Baidu Index is a big data sharing platform constructed by massive user behavior information, which shows the search trend of the selected keywords, gains insight into the changes in the needs of netizens, monitors the trend of media public opinion, and locates the characteristics of users. The platform can provide data such as search index, demand map, information index, media index and population attributes. Currently, scholars have used Baidu index big data to analyze health data, and the research involves various aspects such as the assessment of online search trends and real demand for Lower urinary tract symptoms10, evaluation of outbreak monitoring prediction models for COVID-19 epidemics11,12, and prediction of the incidence of HIV/AIDS in China13. Through the analysis of these online search trend data, it is possible to reflect the pattern of health information search behavior and interest of internet users on population level. And there are no studies on TDs using the Baidu index yet.

This study used the Baidu Index data platform to obtain data and conduct secondary analysis in order to understand the characteristics of public attention to TDs, information search behavior and the trend of media attention, to explored the value of internet search data in monitoring online information search behavior. It provides a basis for meeting the public's need for understanding TDs, targeting the prevention and treatment of TDs, and complementing the advantages of traditional TDs surveillance systems.

Methods

Data from Baidu index

The data from Baidu Index (http://index.baidu.com/Helper/?tpl=helpandword=#pdesc) was used.

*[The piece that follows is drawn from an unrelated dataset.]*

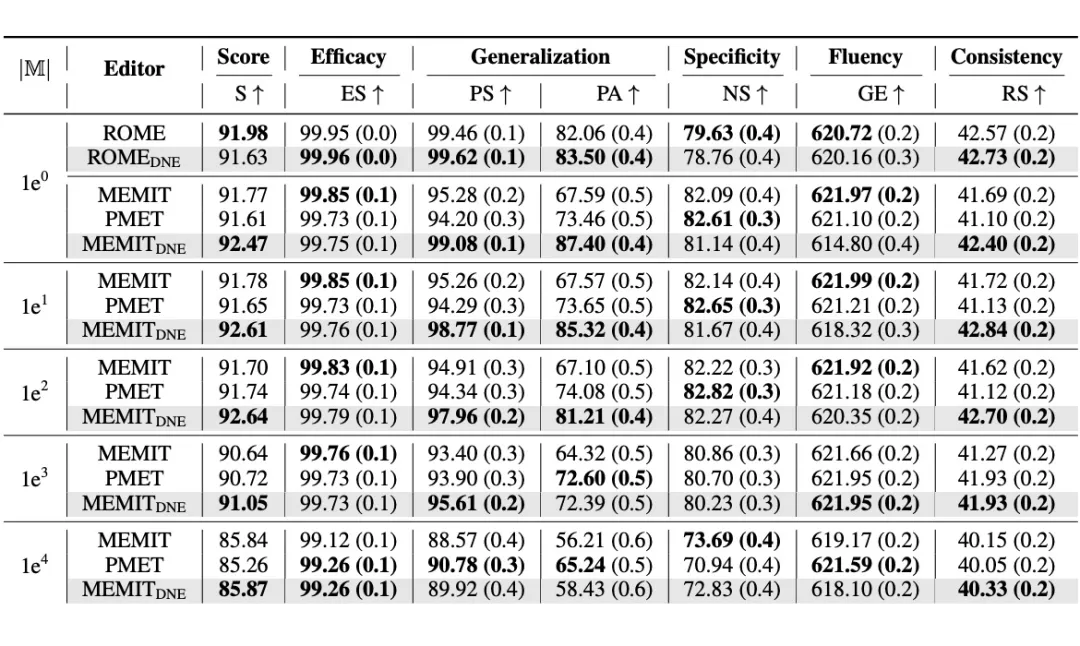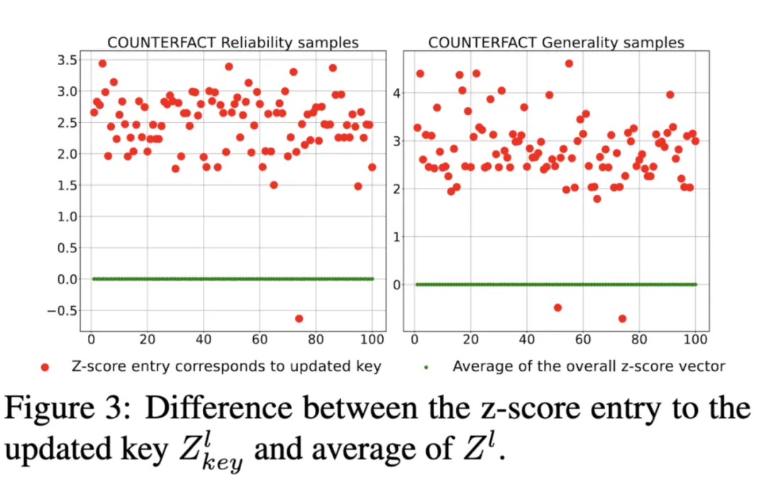 该方法使用一个新设计的变换器内存更新机制,以及一个简单但有效的局部编辑范围识别技术,用于钩子层中精确检测输入的局部编辑范围。如下图所示,几乎所有来自更新密钥的响应的 z 分数都与平均值有很大差距,可靠性样本中最低约为 1.5,一般性样本中最低为 2。

Baidu Index is a big data sharing platform constructed by massive user behavior information, which shows the search trend of the selected keywords, gains insight into the changes in the needs of netizens, monitors the trend of media public opinion, and locates the characteristics of users. The platform can provide data such as search index, demand map, information index, media index and population attributes.

The data used in this study included: (1) search index: the data based on the search volume of netizens in Baidu, with keywords as statistical objects, scientifically analyze and calculate the weighted search frequency of each keyword in Baidu web search. (2) media index: the number of news reported by major internet media related to keywords and included by Baidu News Channel. (3) annual netizen search rate: search index/annual number of netizens (the annual number of netizens comes from the Statistical Report on Internet Development in that year).

The keyword “thyroid” was searched through the demand map of Baidu Index platform, and the weekly keyword demand map was collected in December 2019. The keywords related to TDs with the highest demand were selected: “thyroid nodule”, “thyroid cancer”, “thyroiditis”, “hyperthyroidism” and “hypothyroidism”. The two nouns of non-thyroid-related diseases: “what are the symptoms of thyroid” and “thyroid function” were excluded. The search index and media index for each keyword from January 1, 2011 to December 31, 2019 were obtained, a total of nine complete years. At the same time, due to the limitations of Baidu Index tools and the needs of research and analysis, this study recorded the data of search index and media index with weekly as the smallest unit, and summarized them to the quarter and year as the basis for subsequent data analysis.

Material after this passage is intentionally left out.